= TASK STATEMENT =
With pictures left out, set down exactly the lines from the line containing "-체크무늬 플리스 팬츠" through the last line of the data.

= COLLECTED MATERIAL =
>>>

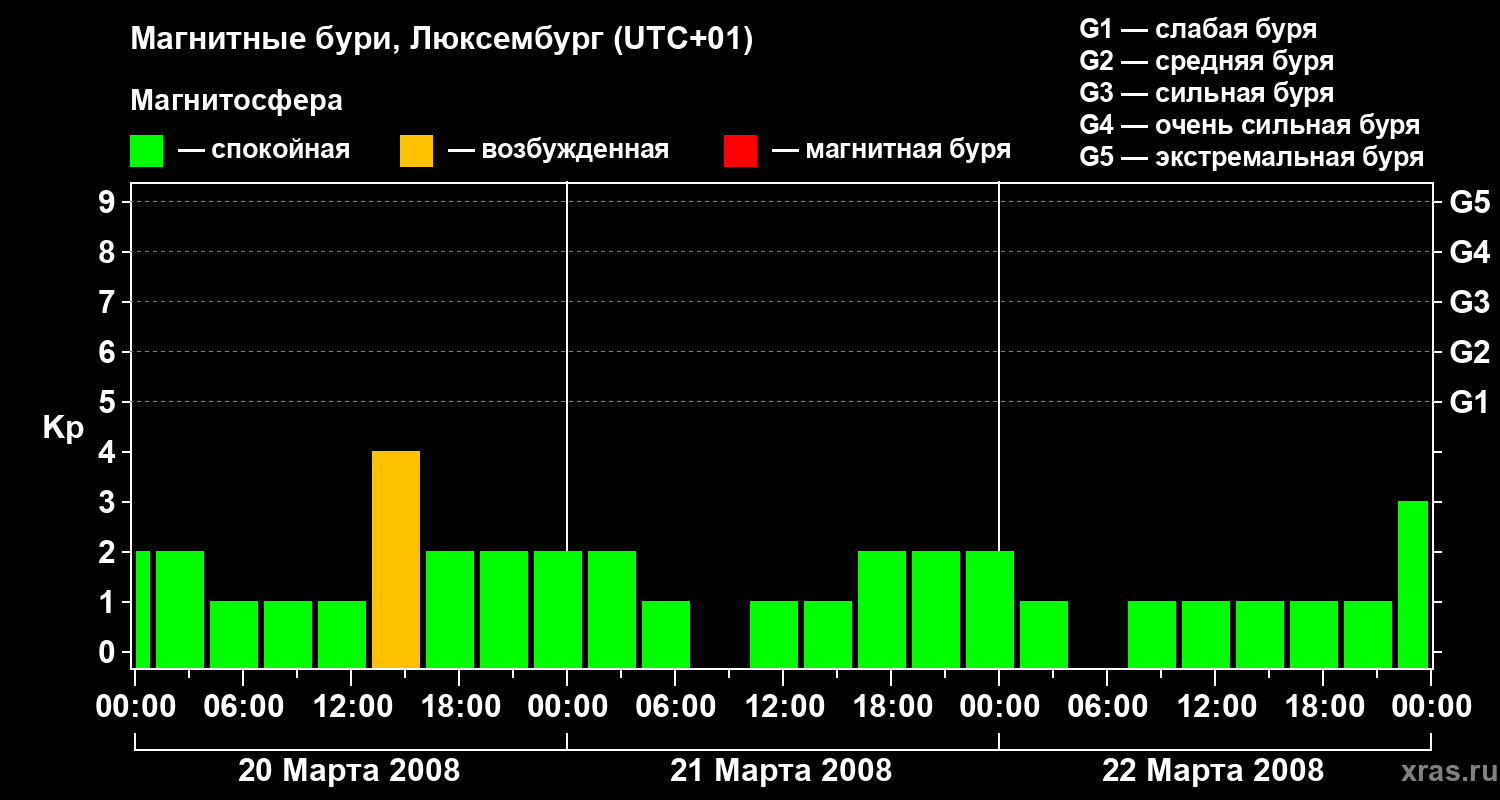 Магнитные бури в Люксембурге — 22 марта 2008 года
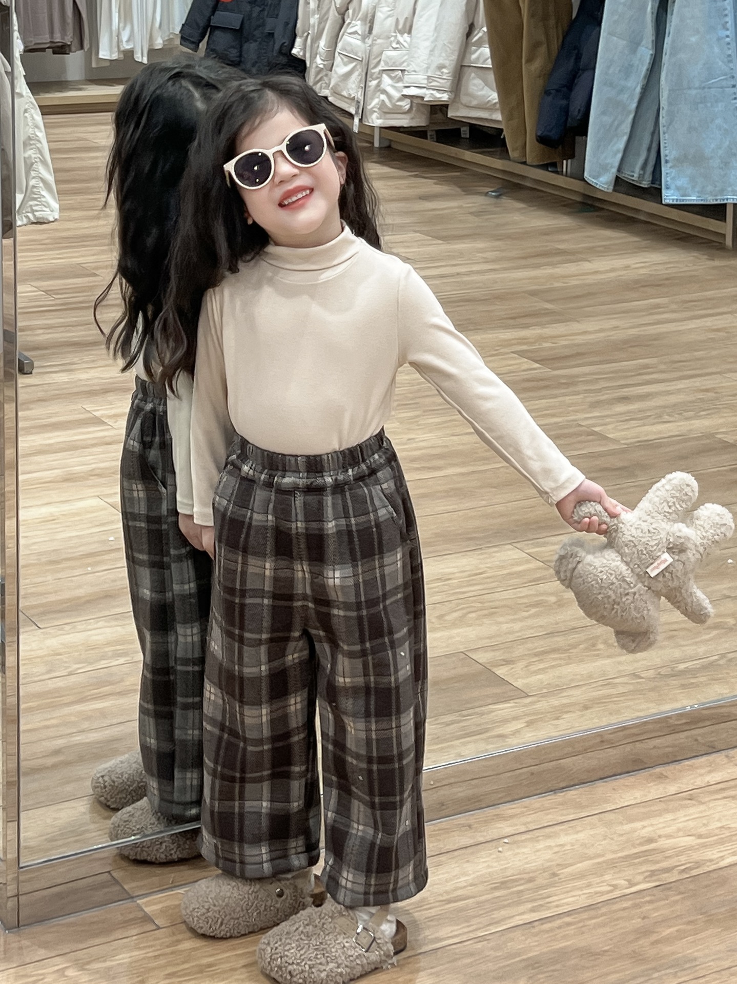 • DM 25651040 -체크무늬 플리스 팬츠
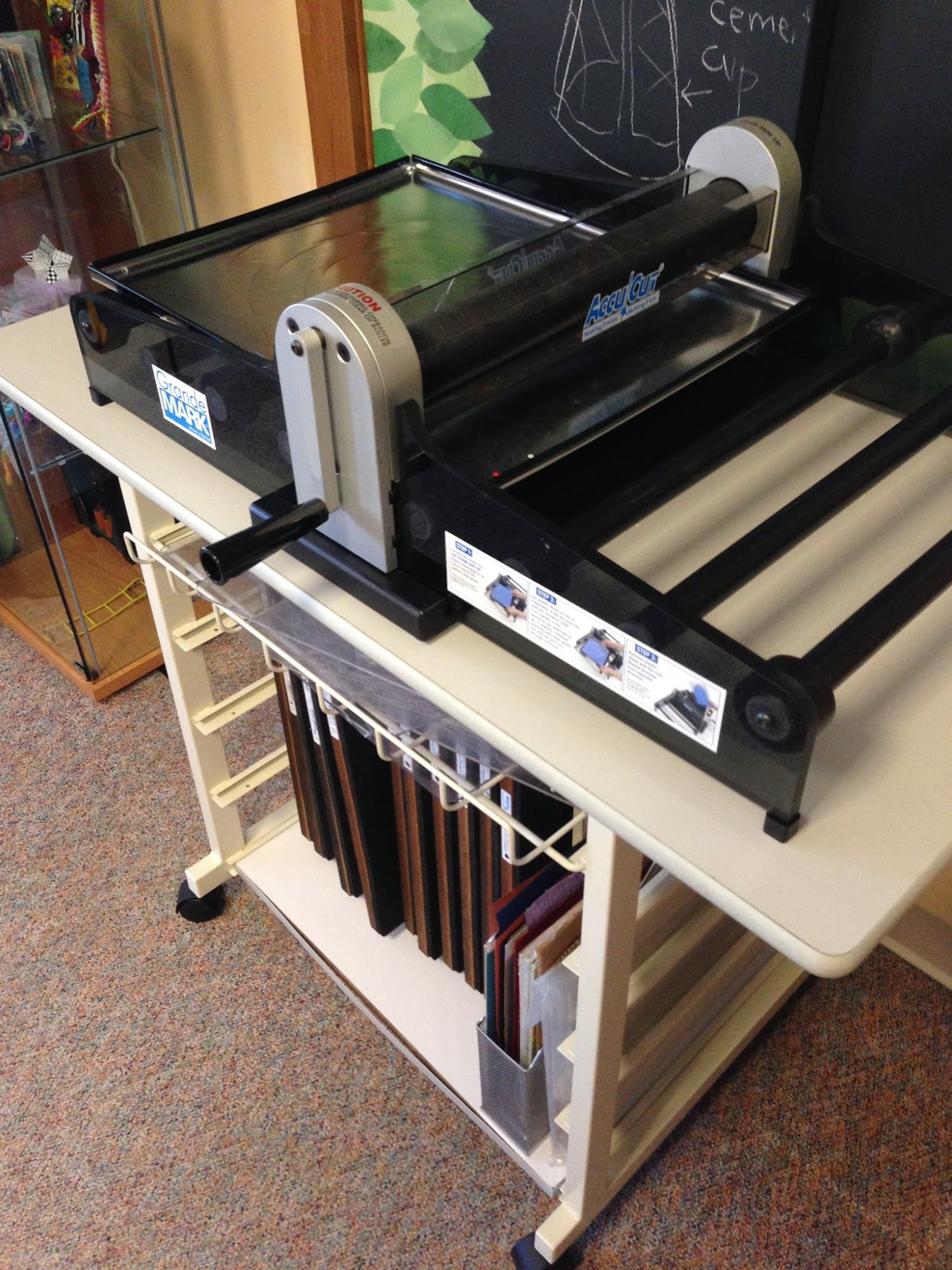 Starting this Saturday, we'll be having Studio Clear-out Sales! Every week there will be new things added to the mix as I empty the classroom, office, and storage room. There are a lot of new art supplies and books right now. I also have shopping bags, gift boxes and all that stuff. Displays - big and small. A kiln, mosaic supplies, wood objects to paint or tangle... A huge Accucut die cutter and a gazillion dies (it cuts paper, fabric, cardboard... even thin metal).

<<<

= EXERCISE OUTPUT =
 • DM 25651040 -체크무늬 플리스 팬츠
 Starting this Saturday, we'll be having Studio Clear-out Sales! Every week there will be new things added to the mix as I empty the classroom, office, and storage room. There are a lot of new art supplies and books right now. I also have shopping bags, gift boxes and all that stuff. Displays - big and small. A kiln, mosaic supplies, wood objects to paint or tangle... A huge Accucut die cutter and a gazillion dies (it cuts paper, fabric, cardboard... even thin metal).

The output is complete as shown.